The regex appears to take a raw string (r""") and looks for many 'x suffixes using many regex "or" symbols (|). 

We see then see " ?\p{L}+" which allows an optional space followed by one or more letters of any kind from any language. 

" ?\p{N}+" means an optional space followed by any kind of numeric character in any script. 

We then see " ?[^\s\p{L}\p{N}]+" where we get another optional space followed by something that is not a letter or number, essentially trying to match punctuation. Lastly we see "\s+(?!\S)|\s+" which uses a **negative lookahead assertion** to match white space up to *but not including* the last white space character. 

Regex patterns like this one are one way you can enforce rules prohibiting certain kinds of merges when it comes to chunking the text.  

It's important to notice that OpenAI comment in their code that they "Should haved added re.IGNORECASE so BPE merges can happen for capitalized versions of contractions" because their regex pattern only matches for the lowercase conditions that they wrote. Moreover the fundamental use of apostrophes is potentially english-language specific, but I've not rigourously investigated this enough to determine how severe of a limitation it is in practice. 

In [32]:
example = """
for i in range(1, 101):
    if i % 3 ==0 and i % 5 == 0:
        print("FizzBuzz")
    elif i % 3 == 0:
        print("Fizz")
    elif i % 5 == 0:
        print("Buzz")
    else:
        print(i)
"""
print(re.findall(gpt2pat, example))

['\n', 'for', ' i', ' in', ' range', '(', '1', ',', ' 101', '):', '\n   ', ' if', ' i', ' %', ' 3', ' ==', '0', ' and', ' i', ' %', ' 5', ' ==', ' 0', ':', '\n       ', ' print', '("', 'FizzBuzz', '")', '\n   ', ' elif', ' i', ' %', ' 3', ' ==', ' 0', ':', '\n       ', ' print', '("', 'Fizz', '")', '\n   ', ' elif', ' i', ' %', ' 5', ' ==', ' 0', ':', '\n       ', ' print', '("', 'Buzz', '")', '\n   ', ' else', ':', '\n       ', ' print', '(', 'i', ')', '\n']
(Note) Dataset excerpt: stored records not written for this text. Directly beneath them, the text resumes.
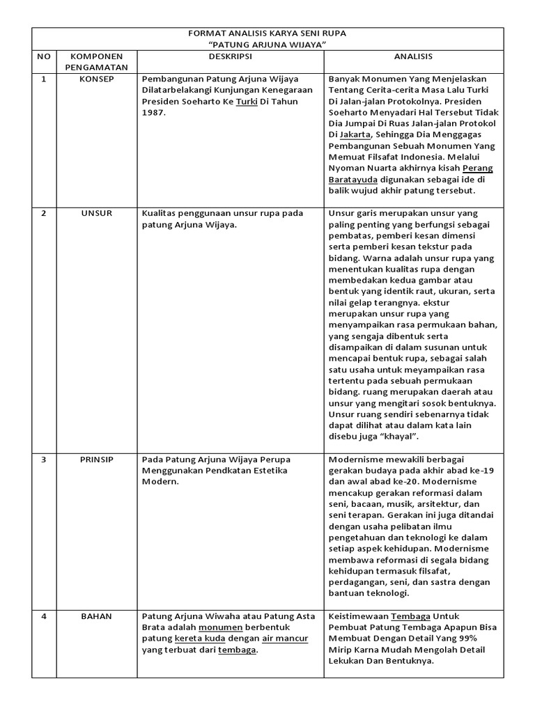 Format Analisis Karya Seni Rupa Patung Arjuna Wijaya
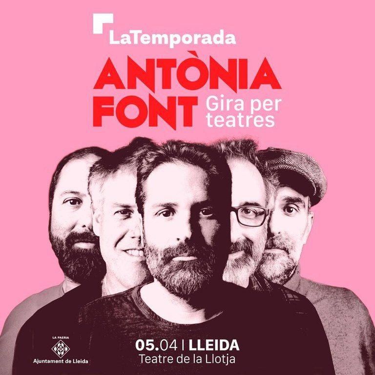 El grupo mallorquín Antònia Font subirá al escenario del Teatre de la Llotja el viernes 5 de abril de 2024. El concierto se incluye en su gira de teatros y auditorios prevista para el año que viene y formará parte de la programación de LaTemporada Lleida.
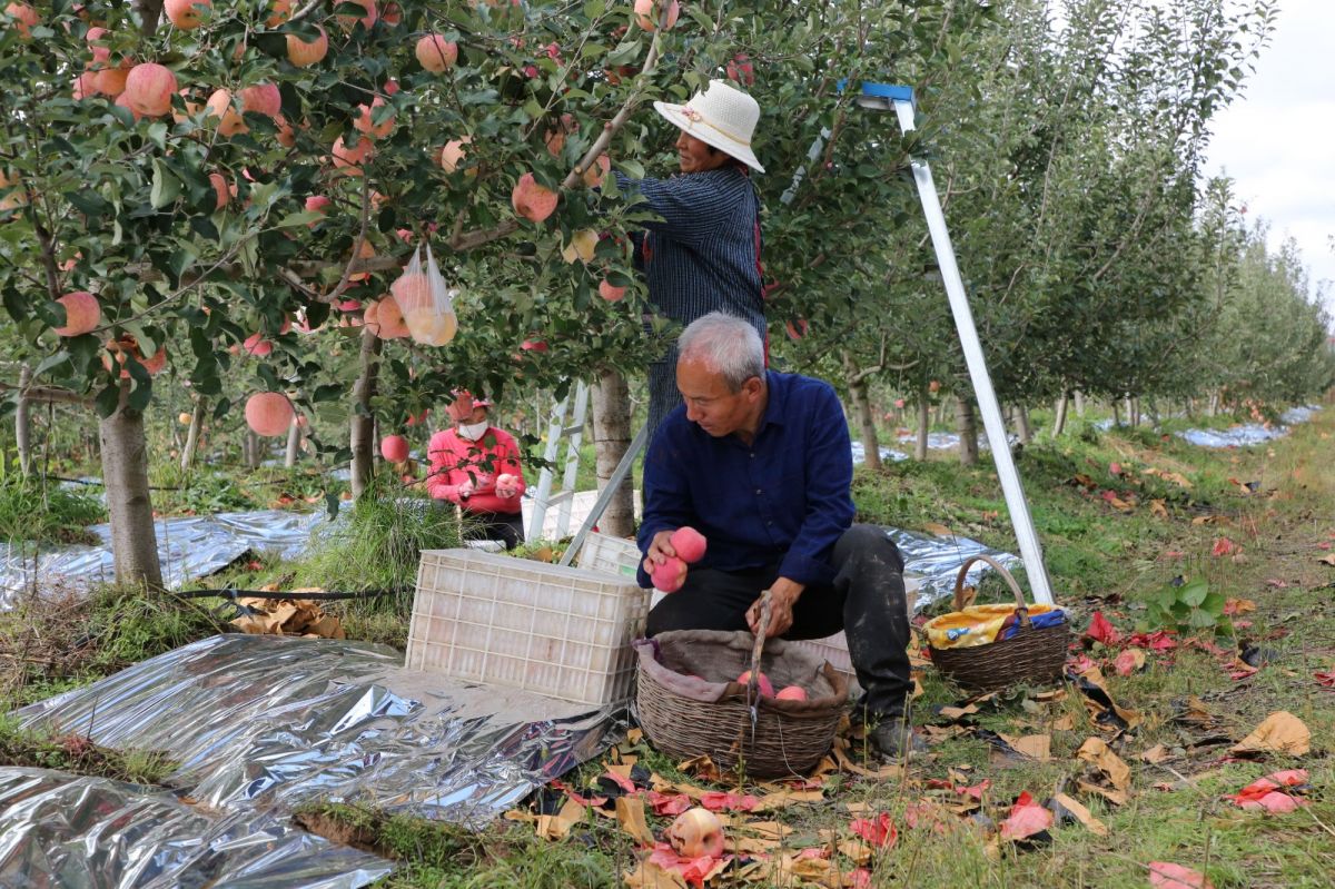 寧縣瓦斜鄉(xiāng)東風(fēng)村果農(nóng)正在采摘蘋果
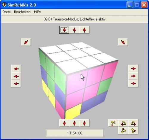 Um den Würfel herum sind Pfeile angeordnet, die jeweils eine Seite des Würfels um Ihren Mittelpunkt dreht. Sie können ausprobieren, was passiert, wenn Sie auf einen Pfeil klicken. In der unteren rechten Ecke, befinden sich 5 Buttons, die mehrere festgelegte Züge hintereinander ausführen. Diese Züge sind sehr nützliche Züge, da Sie einem viel Arbeit abnehmen können, nähere Informationen erhalten Sie weiter unten.
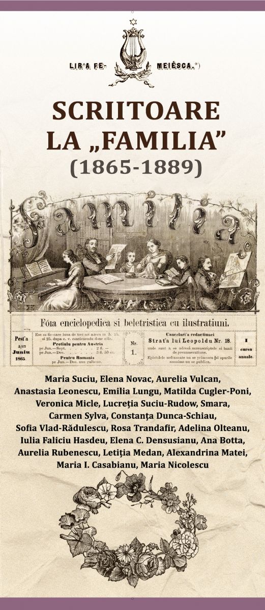 Expoziția Scriitoare la „Familia” (1865-1889) prezintă 23 de poete, prozatoare, eseiste, publiciste, folcloriste și traducătoare, contemporane cu Mihai Eminescu, care au publicat în revista „Familia” între 1865 (anul fondării „Familiei”) și 1889 (anul morții lui Eminescu), unele dintre acestea rămânând nume de referință în literatura română a secolului al XIX-lea, altele fiind militante active în mișcarea feministă, dar preferând pseudonime pentru activitatea lor literară, iar câteva nedivulgându-și niciodată numele complet: Maria Suciu, Elena Novac, Aurelia Vulcan, Anastasia Leonescu, Emilia Lungu, Matilda Cugler-Poni, Veronica Micle, Lucreția Suciu-Rudow, Smara, Carmen Sylva, Constanța Dunca-Schiau, Sofia Vlad-Rădulescu, Rosa Trandafir, Adelina Olteanu, Maria Petrescu, Iulia Faliciu Hasdeu, Elena C. Densusianu, Ana Botta, Aurelia Rubenescu, Letiția Medan, Alexandrina Matei, Maria I. Casabianu, Maria Nicolescu.
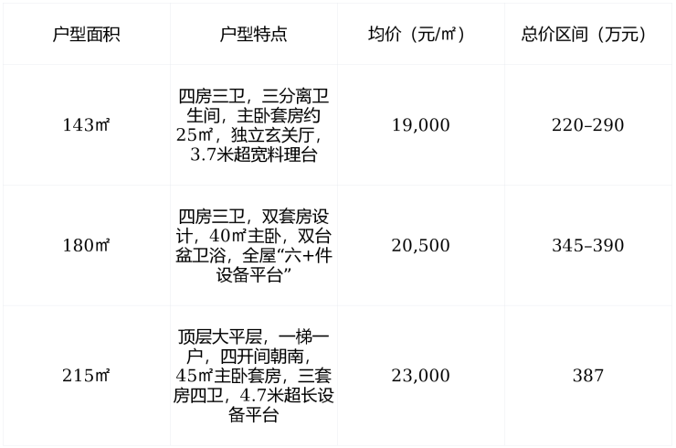 215㎡大平层:四开间朝南+三套房四卫+4.7米设备平台,满足三代同堂与高端生活需求
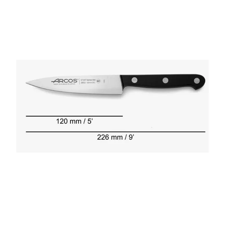 Este Cuchillo de Cocina de la Serie Universal de 120 mm se emplea para los cortes que requieren de precisión con fines domésticos y profesionales. Su fabricado con acero inoxidable NITRUM® le aporta durabilidad, mientras que el mango está concebido para el uso diario.

In practice, OpenAI did enforce some sort of rule to prevent the merging of these space chunks when they trained their tokenizer for gpt-2. Unfortunately, they are not very clear about how they implemented said rule as the training code has yet to ever be released. One can see this is the case by going to `https://tiktokenizer.vercel.app/`, selecting gpt-2 encodings, and noticing that spaces are individually tokenized. 

## Tiktoken 

In [33]:
import tiktoken

# GPT-2 (does not merge spaces)
enc = tiktoken.get_encoding("gpt2")
print(enc.encode("    hello world!!!"))

# GPT-4 (merges spaces)
enc = tiktoken.get_encoding("cl100k_base")
print(enc.encode("    hello world!!!"))

[220, 220, 220, 23748, 995, 10185]
[262, 24748, 1917, 12340]


Tiktoken is OpenAI's official tokenizer, and `cl100k_base` is the one used for GPT-4. Unfortunately again, OpenAI has only published tiktoken's inference code and not its training code. They also changed the regex pattern:

In [34]:
import regex as re
gpt4pat = re.compile(r"""'(?i:[sdmt]|ll|ve|re)|[^\r\n\p{L}\p{N}]?+\p{L}+|\p{N}{1,3}| ?[^\s\p{L}\p{N}]++[\r\n]*|\s*[\r\n]|\s+(?!\S)|\s+""")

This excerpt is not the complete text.